House Bill 1631 that would ban the use of red light camera system has officially been signed by Texas Governor Greg Abbott this month. This law bans red light cameras across the entire state of Texas, and would phase the cameras out of existence immediately in cities where contracts allow.
KVUE ABC reports that there are less than five cities in Texas that would be unable to get out of red light camera contracts early.
The Austin-based news station reports that Austin’s contract will be terminated at no-fault immediately. The physical red light cameras will still be up and in plain-sight, but the actual photo-enforced tickets you get in the mail will cease to exist straightaway.
A City of Austin spokesperson told KVUE ABC, “The City has directed our vendor to cease red light camera enforcement. Any traffic ticket photos taken after June 1st, 2019 shall be null or void.”
While this is good news for anyone who has run a red light after June 1st, Representative Ramon Romero urged the Senate and House last month to reconsider the ban of red light cameras, as he believes they still have a useful purpose in T-bone accident prevention.
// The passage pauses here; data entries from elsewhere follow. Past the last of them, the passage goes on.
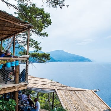 A cliff-top restaurant reachable only by boat and footpath. Offers breathtaking views and a one-of-a-kind lunch experience overlooking the sea.
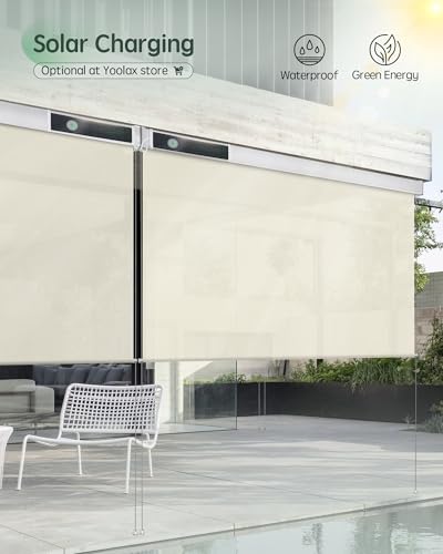 Yoolax Motorized Outdoor Shades Smart Retractable Patio Screens with App & Remote Control, Electric Blinds for Porch Patio Waterproof Roller Shades 7X8ft (3% Openness Beige)
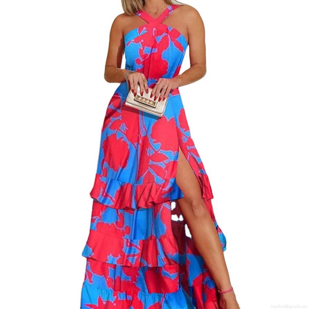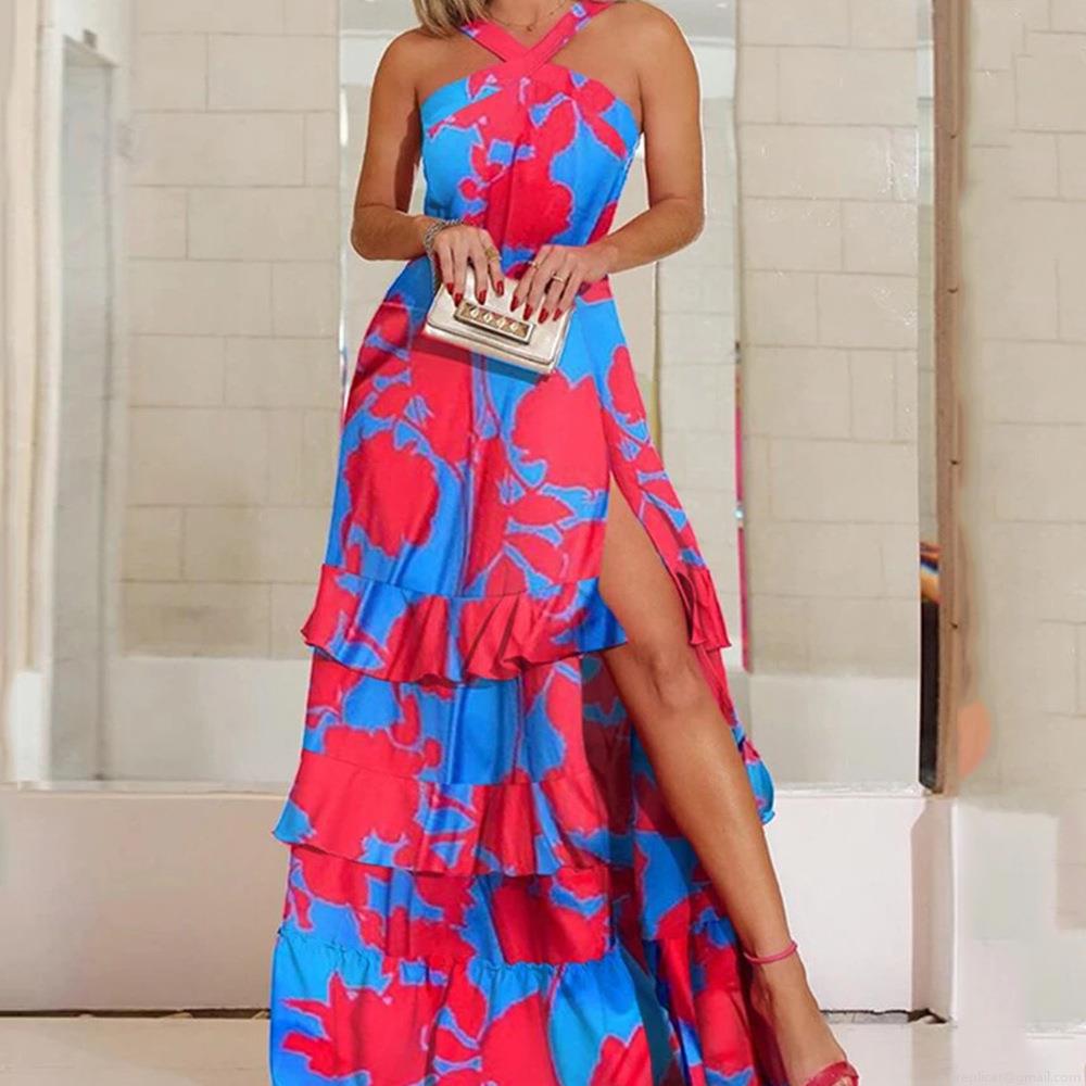 • Women's Bohemian Halter Maxi Dress Polyester Floral Print Sleeveless Backless High Slit Ruffle Cake Skirt For Beach Party Vacation Elegant Summer Dress
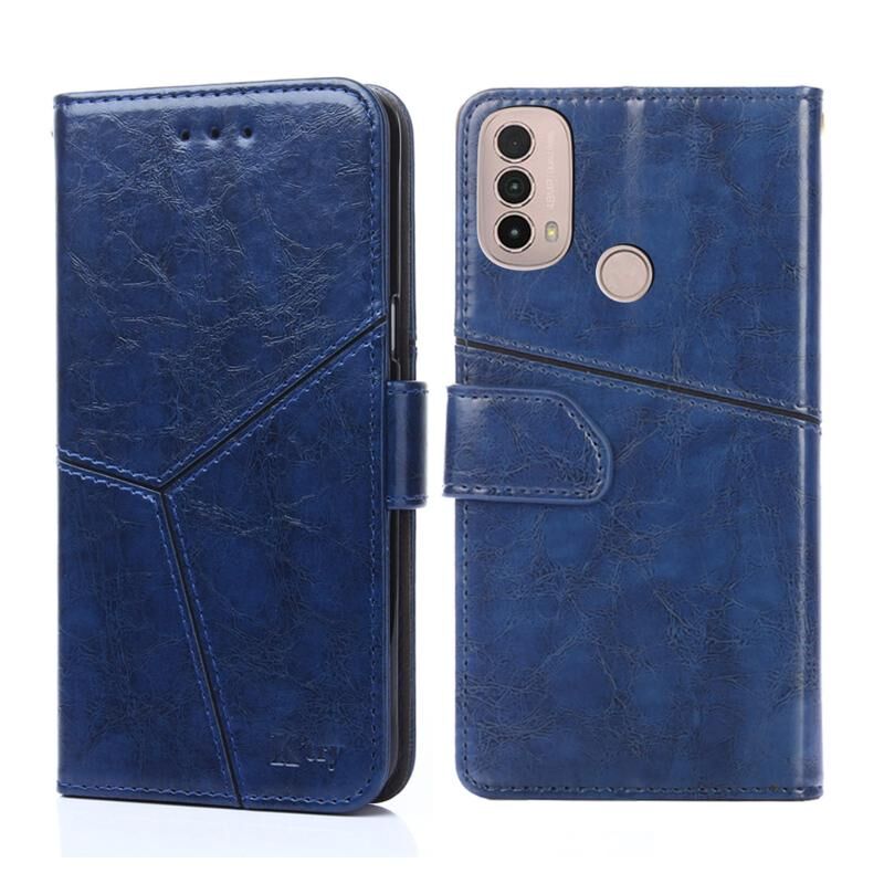 Για Motorola Moto E40 Γεωμετρική ραφή οριζόντια Flip δερμάτινη θήκη τηλεφώνου (Μπλε)

“If you have any question about this vote and whether or not your vote is going to contribute, towards another death, make no mistake, because that’s exactly what you’re about to do,” said Romero, as reported by KVUE ABC.
Lawmakers arguing for the ban sighted red light cameras as unconstitutional because they place burden of proof of innocence on the driver, and concluded that they don’t stop drivers from driving through red lights.
In other cities across Texas, city officials have also turned off their cameras and have ceased handing out tickets.
The Dallas Morning News reports that Dallas, Duncanville, Fort Worth, Garland, Grand Prairie Irving and Plano have all turned off their cameras, and that Fort Worth and Garland are even denying payments from drivers who received fines in the weeks before the House Bill 1631 became law.
In Forth Worth alone, the red light cameras brough in $9.6 million in 2018, which The Dallas Morning News reports was being used for “funded traffic safety activities such as maintaining traffic signage, pavement markings, traffic signals, crosswalks and intersection lighting,”.
The city, and likely many cities in Texas, are looking at their budgets to make-up the money that will be lost from the red light cameras.